None of this means that the fear doesn’t still exist. It’s present but I’m no longer on its team. Fear is on the other side of the battle field and I will fight it with fury because it steals joy. Nothing can take joy away from having my son. No amount of money. No diagnosis. No nasty doctor. No discouraging ultrasound. No sacrifice.

I’m back on the team of hope, joy, faith and insurmountable love. I know now that God wasn’t going to let me have Miles until I learned this lesson. 

"Be strong and courageous. Do not be afraid or terrified because of them, for the LORD your God goes with you; he will never leave you nor forsake you." -Deuteronomy 31:6

Monday, January 12, 2015

A Little Patch of Grass

After our surprise hospital stay at 32 weeks pregnant, we have known that Miles does not look very good on Non Stress Tests (NST’s). I have asked many times if there is something else wrong with him and the answers have varied, but mostly the answer is we don’t know. Since then, I am required to get a Biophysical Profile ultrasound twice a week. This ultrasound looks for fine and large motor skills, amniotic fluid levels and he has to practice breathing for 30 seconds in a 30 minute period. At every test, he waits until the 29th minute to start breathing. Every time I ask God to show us he is healthy and to make him breath if he is actually ok. Every time he has passed all the tests, until today.

At today’s ultrasound, Miles wouldn’t move at all. He wouldn’t breath. The tech was almost violently shaking my abdomen, but still nothing. I wish I could say this surprised me, but nothing does anymore. The doctor decided to follow with an NST which was pretty unnecessary to me since I already knew what would happen. He didn’t do anything during the NST either. Normally, all of the results would send me back to the hospital but there is an overall sense of what’s the point?

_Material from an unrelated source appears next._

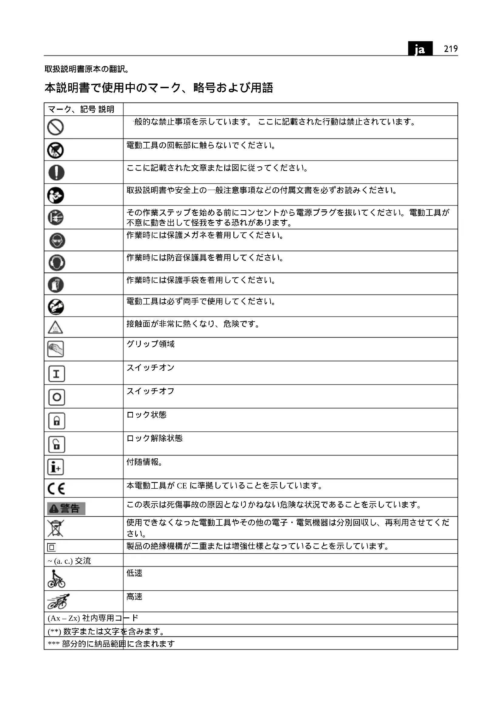 本電動工具が CE に準拠していることを示しています。 この表示は死傷事故の原因となりかねない危険な状況であることを示しています。 使用できなくなった電動工具やその他の電子・電気機器は分別回収し、再利用させてくだ

I need to have these tests redone tomorrow and I have a feeling if they are the same, I will be in the hospital again.

When the medical staff talks about my son, they have a sad, solemn look on their faces and don’t look me in the eye. They use words like “Unresponsive,” “Non Reactive” and “Under Performing.” They say things like “Wake up baby!” None of these results are new or unexpected but today they just affected me differently. The tears flowed easier today and fear gripped my muscles. All my nervous habits have come to the surface. These words are describing a real person. This is a real life. This is my son’s life. I want to believe that he will be ok. Some days I truly believe it and some days I’m just convincing myself.

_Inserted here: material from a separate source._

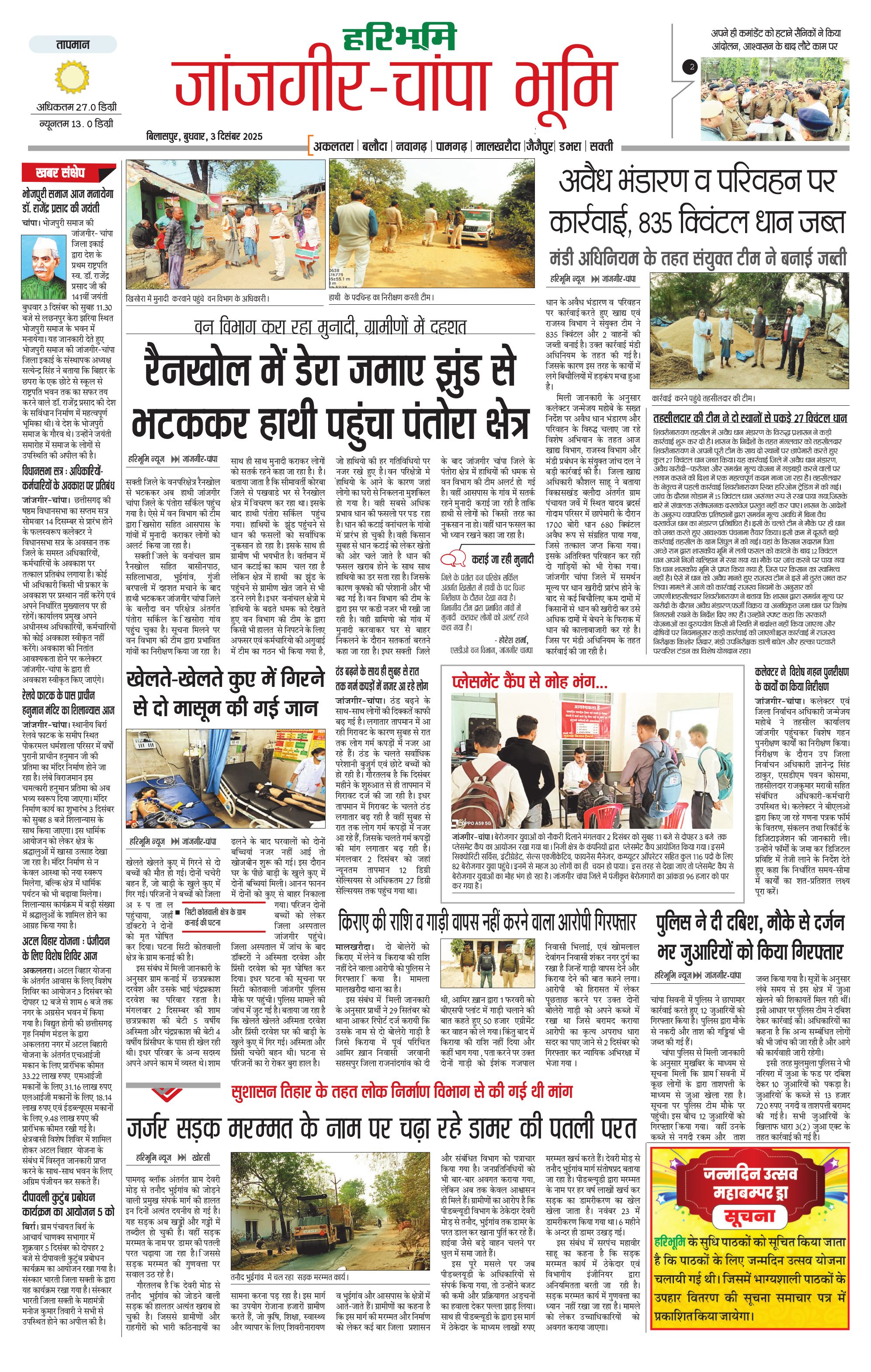जांजगीर-चांपा भूमि - 03 Dec 2025 - - Page 1

So many people have graciously and selflessly helped us through this time. There has been emotional and financial support that we have desperately needed. Eventually my parents couldn’t bear that fact that every dime we have and that is given to us, just goes to doctor bills and all fun things have gone out the window.

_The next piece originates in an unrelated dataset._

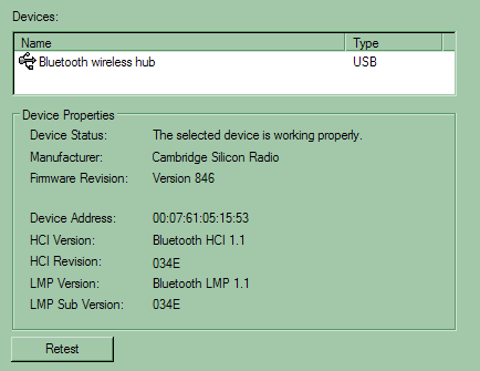 Точнее, не совсем тот же. Последний раз мы рассматривали драйвер ветви 1.3. Революционное изменение функциональности произошло в версии 1.4.2.10 (совместно с набором, кстати, использовалась версия 1.4.2.22): начиная с нее появились профили для HID-устройств с интерфейсом Bluetooth, т.е., говоря простым языком, начали поддерживаться мыши, джойстики, клавиатуры и прочие манипуляторы с данным интерфейсом. А вот остальные возможности остались неизменными, так что об использовании ресивера от diNovo в роли Bluetooth-адаптера я рассказывать не буду — полгода назад делал это в статье по донглам от X-Micro. Приведу один скриншот:

For a long time I have daydreamed of having a patch of grass in our yard for our kids. My parents paid for us to get this patch of grass but it hasn’t been installed yet. I spend a lot of time staring at our dirt yard, fantasizing about this little piece of life growing in it. I picture getting to watch my boys play in this grass, watching them grow and hosting friends in our yard. I used to imagine a life of jet setting and excitement but now I just daydream of a little piece of grass in my yard. It seems like such a luxury now. Something so simple will mean so much.


Most people won’t understand what this grass will mean to me. It has almost been a little token of hope through this all. When I picture Miles at his healthiest, he is laughing and giggling in the grass and playing with Weston. I have tried to pass the time of anxiety of serving others in whatever way I am capable as I have accepted so much service lately. But in my quiet moments, I stare at this yard and imagine what is to come.